The key is that the sub-ordinates were trusted to do their job well. Often when talking to clients about Enterprise 2.0 (or even something as basic as instant messaging) I’ll get the feedback that “they might spend all their time messing around”. I have to respectfully suggest they have seemingly well behaved employees up to today, and something as simple as instant messaging turns them into serial time wasters then a) they have the wrong employees and b) they have employed some rather strange people who will transform from productive worker to time waster just because they have discovered instant messaging!
If trust in your employees is a legitimate reason not to deploy Enterprise 2.0 then you have serious problems within your business that need fixing first before you even consider Enterprise 2.0.
In fact – I’d be surprised you’re still trading at all and that some employee hasn’t sold the company CRM data to a competitor.
We see this outside of business to – there has been a pendulum swing recently on the value of setting targets in the public sector. When the Labour government came to power, NHS waiting lists and police accountability were serious issues. Targets were the answers, with the NHS and the police having to meet targets and fill in the required paperwork. They were not able to operate spontaneously as Van Riper’s Red team could – they had to constantly account for what they were doing.
Recently the pendulum has swung back.
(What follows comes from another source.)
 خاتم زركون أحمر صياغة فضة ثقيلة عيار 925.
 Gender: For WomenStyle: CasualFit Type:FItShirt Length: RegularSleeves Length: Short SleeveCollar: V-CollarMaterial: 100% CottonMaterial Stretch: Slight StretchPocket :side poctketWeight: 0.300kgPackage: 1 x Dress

The targets started to be gamed – and there was serious public concern that police and healthcare professionals were spending far too much time filling in forms and not enough time doing their job. Worse, on occasion the target encouraged un-desirable behaviour, such as only focusing on crime that was easy to solve (such as speeding tickets) in order to boost ‘solve’ figures.
So this has nothing to do with instant messaging, blogs, wikis or social networking. This is about whether or not you trust your employees enough to be in Command but not Control. And if you don’t, is the answer to impose a bureaucracy of targets and accountability or find new employees?
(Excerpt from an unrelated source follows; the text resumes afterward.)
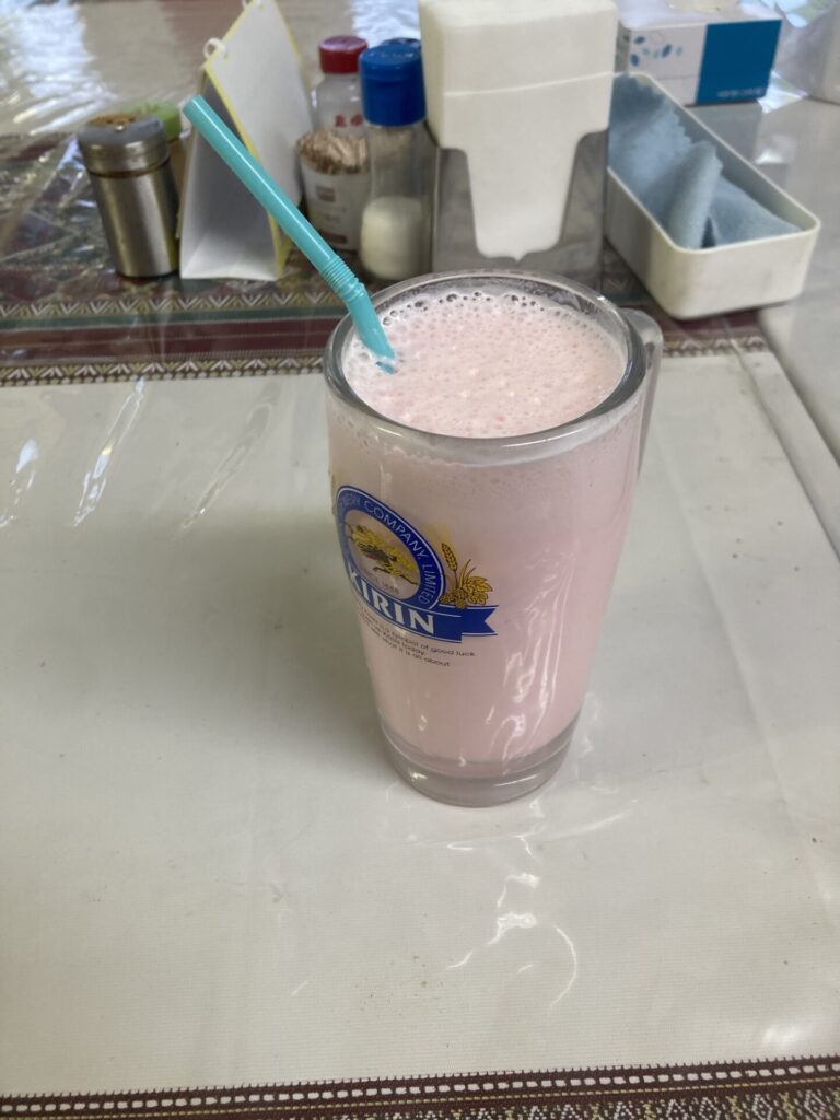 まずは最初の一杯やちゃ。イフタールではおなじみの「ローズドリンク」やちゃ。ローズシロップとミルクを混ぜたドリンクでよぉ、断食で乾いた喉を癒やすもんとして定番ながよ。

Van Riper’s Red team thoroughly beat the Blue team by the way. The U.S. re-wound the war game and put someone else in charge of Red.
Sometimes you spend so much time thinking about things you over-complicate. Enterprise 2.0 can be very simple.
- Do you believe that there is business value in who you know as well as what you know?
- Do you believe that a strong network of contacts can help you get things done and make things happen?
- Would you like to help your employees get things done and make things happen?
If so, then the question is not why would you use social software, but why would you not?